(Data items)
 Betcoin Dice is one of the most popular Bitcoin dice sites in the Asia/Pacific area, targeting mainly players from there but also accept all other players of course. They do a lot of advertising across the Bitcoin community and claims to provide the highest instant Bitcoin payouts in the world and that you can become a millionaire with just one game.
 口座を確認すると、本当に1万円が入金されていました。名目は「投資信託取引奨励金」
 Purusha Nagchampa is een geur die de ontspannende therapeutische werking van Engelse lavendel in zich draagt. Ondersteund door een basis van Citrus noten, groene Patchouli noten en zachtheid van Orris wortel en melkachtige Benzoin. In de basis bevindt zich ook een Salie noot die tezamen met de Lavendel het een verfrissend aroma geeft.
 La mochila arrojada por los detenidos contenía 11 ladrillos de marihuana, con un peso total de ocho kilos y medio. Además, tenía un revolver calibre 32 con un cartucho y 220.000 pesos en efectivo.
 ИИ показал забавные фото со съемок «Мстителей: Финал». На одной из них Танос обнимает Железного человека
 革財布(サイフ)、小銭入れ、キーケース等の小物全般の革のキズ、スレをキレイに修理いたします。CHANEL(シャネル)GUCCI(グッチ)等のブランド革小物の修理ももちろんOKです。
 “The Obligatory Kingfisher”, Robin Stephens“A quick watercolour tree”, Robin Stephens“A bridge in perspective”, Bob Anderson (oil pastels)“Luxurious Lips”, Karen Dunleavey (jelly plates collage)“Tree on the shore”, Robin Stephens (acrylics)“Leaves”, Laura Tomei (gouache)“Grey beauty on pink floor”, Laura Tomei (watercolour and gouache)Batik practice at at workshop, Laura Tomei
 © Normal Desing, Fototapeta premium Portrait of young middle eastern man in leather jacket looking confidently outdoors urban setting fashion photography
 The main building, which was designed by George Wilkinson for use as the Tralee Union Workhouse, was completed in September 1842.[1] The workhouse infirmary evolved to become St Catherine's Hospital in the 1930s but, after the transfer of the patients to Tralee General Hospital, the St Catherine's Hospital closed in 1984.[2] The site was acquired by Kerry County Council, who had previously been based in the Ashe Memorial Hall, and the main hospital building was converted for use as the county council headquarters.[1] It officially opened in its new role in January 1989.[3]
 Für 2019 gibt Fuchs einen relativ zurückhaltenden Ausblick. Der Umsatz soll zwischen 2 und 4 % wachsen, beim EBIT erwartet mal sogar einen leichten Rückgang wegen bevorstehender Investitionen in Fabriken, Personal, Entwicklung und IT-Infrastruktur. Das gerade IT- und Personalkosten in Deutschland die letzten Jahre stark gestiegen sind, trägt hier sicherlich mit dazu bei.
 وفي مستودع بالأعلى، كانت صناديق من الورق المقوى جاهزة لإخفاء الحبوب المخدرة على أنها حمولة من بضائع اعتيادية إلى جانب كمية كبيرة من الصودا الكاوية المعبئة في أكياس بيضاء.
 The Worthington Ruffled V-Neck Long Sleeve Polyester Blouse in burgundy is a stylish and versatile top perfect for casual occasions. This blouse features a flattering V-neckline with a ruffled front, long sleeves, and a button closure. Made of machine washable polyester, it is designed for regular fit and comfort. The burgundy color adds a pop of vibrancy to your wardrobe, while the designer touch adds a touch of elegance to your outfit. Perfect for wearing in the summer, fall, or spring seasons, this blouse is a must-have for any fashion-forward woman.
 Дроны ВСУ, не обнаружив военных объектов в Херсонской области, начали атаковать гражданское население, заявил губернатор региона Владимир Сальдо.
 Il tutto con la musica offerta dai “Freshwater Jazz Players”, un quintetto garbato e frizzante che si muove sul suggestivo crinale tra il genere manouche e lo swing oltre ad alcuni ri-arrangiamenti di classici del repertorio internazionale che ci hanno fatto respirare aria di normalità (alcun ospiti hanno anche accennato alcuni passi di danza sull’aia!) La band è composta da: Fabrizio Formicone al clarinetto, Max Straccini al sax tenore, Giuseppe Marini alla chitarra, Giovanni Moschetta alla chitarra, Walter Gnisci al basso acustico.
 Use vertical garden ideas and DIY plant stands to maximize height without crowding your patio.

> _AIM OF THE TASK_
Look through the entries above and count each line holding "your"; report the count alone.

> _OUTPUT OF THE EXERCISE_
2